▸ **Your objective**:
Your job is to retype all of the data word for word, leaving every image out.

▸ **Data section**:
◆ ◆ ◆
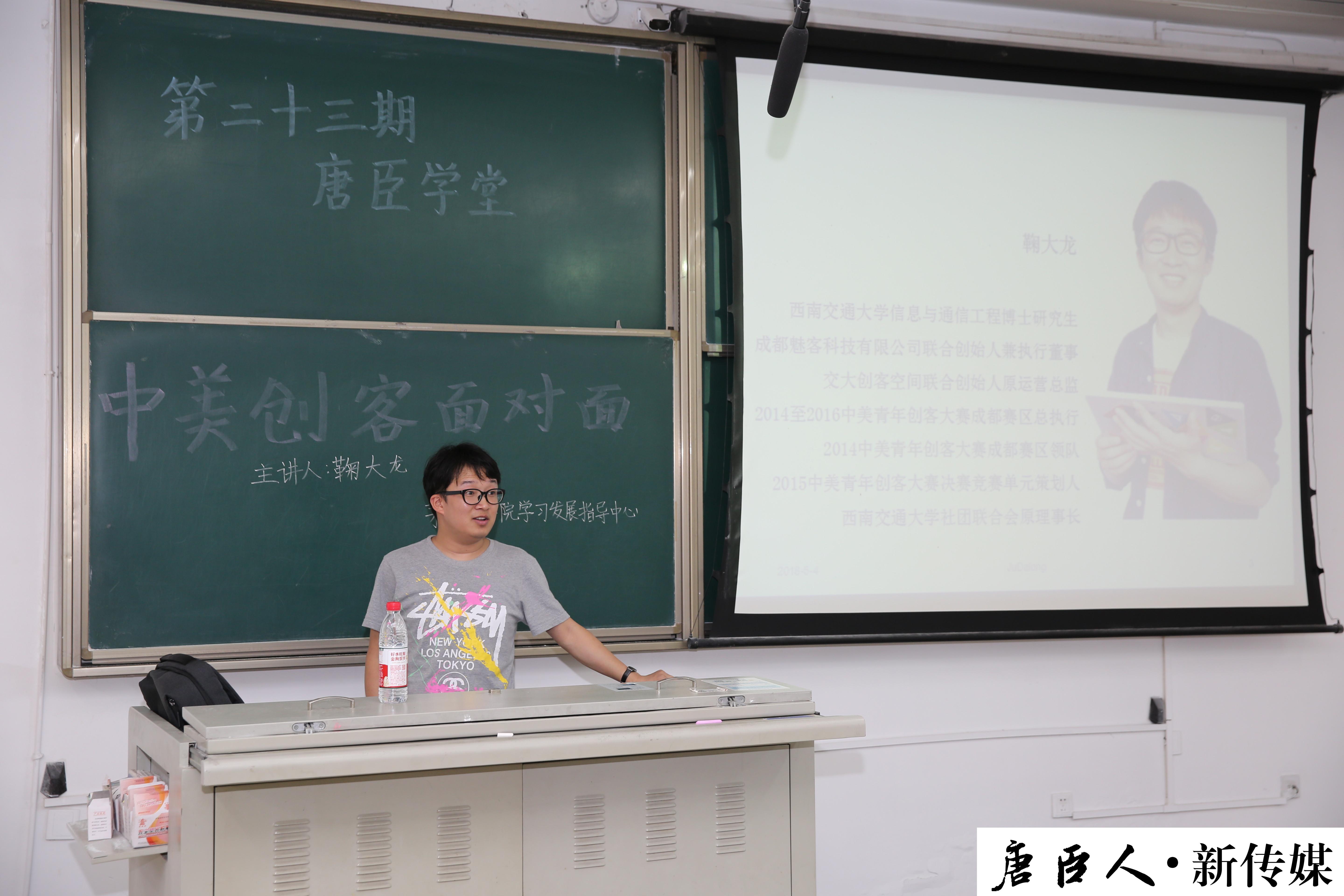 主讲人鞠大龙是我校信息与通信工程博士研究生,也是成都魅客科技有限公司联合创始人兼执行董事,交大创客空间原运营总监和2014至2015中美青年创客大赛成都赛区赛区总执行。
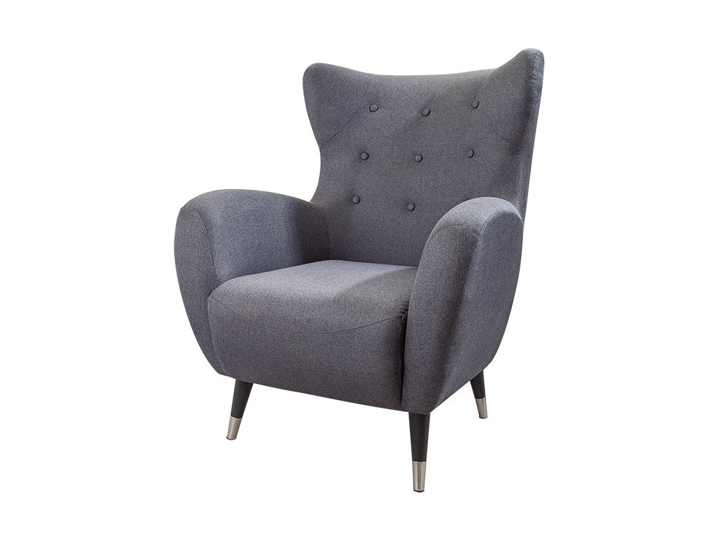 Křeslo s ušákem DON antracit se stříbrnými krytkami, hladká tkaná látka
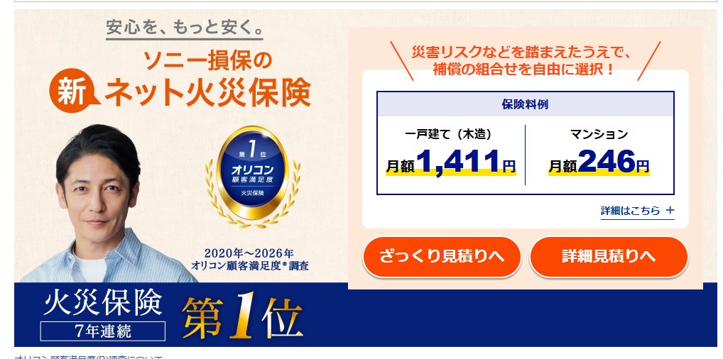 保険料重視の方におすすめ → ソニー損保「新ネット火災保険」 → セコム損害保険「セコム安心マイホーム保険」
◆ ◆ ◆
▸ **Task output**:
 主讲人鞠大龙是我校信息与通信工程博士研究生,也是成都魅客科技有限公司联合创始人兼执行董事,交大创客空间原运营总监和2014至2015中美青年创客大赛成都赛区赛区总执行。
 Křeslo s ušákem DON antracit se stříbrnými krytkami, hladká tkaná látka
 保険料重視の方におすすめ → ソニー損保「新ネット火災保険」 → セコム損害保険「セコム安心マイホーム保険」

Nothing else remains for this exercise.